What does a p-value less than 0.05 indicate in a medical study?
A p-value less than 0.05 in a medical study suggests that there is less than a 5% probability that the observed results are due to random chance, assuming the null hypothesis is true. This typically indicates statistically significant results, leading researchers to consider alternative hypotheses or findings potentially meaningful.
How is the p-value used to determine statistical significance in clinical trials?
In clinical trials, a p-value is used to determine statistical significance by indicating the probability that the observed results occurred by chance. A p-value below a predetermined threshold (commonly 0.05) suggests that the treatment effect is statistically significant, implying it's unlikely the result is due to random variability.

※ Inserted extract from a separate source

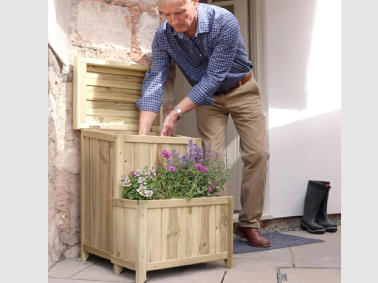 The Parcel Store with Planter can also do double duty as a welly store or as a storage area for garden tools and children’s toys.
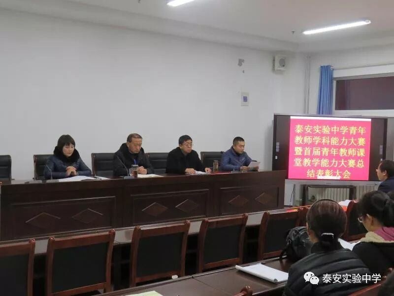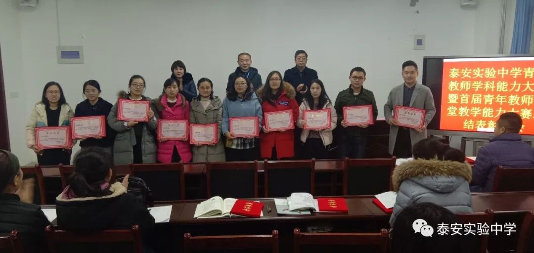 12月17日下午5点,泰安实验中学举行了首届青年教师学科能力大赛暨青年教师课堂教学大赛总结表彰会。校长王冲,副校长姜士勇、陈佳敏和青蓝工程的全体教师参加大会。

What are common misconceptions about p-value interpretation in medical research?
Common misconceptions include believing that a p-value measures the probability that the null hypothesis is true, mistaking a non-significant p-value for evidence of no effect, overvaluing statistical significance over clinical relevance, and thinking a p-value alone provides a measure of effect size or practical significance.
What factors can affect the interpretation of p-values in medical studies?
Factors affecting the interpretation of p-values in medical studies include sample size, study design, the presence of multiple comparisons, the underlying assumptions of the statistical tests used, and the distinction between statistical significance and clinical relevance.
How does sample size influence the interpretation of p-values in medical research?
Larger sample sizes generally provide more reliable p-values, as they can detect smaller true effects and result in narrower confidence intervals. However, with large sample sizes, even trivial differences may become statistically significant, potentially leading to over-interpretation of clinical significance. Conversely, small sample sizes may result in type II errors. Thus, interpreting p-values must consider sample size's impact on statistical and clinical significance.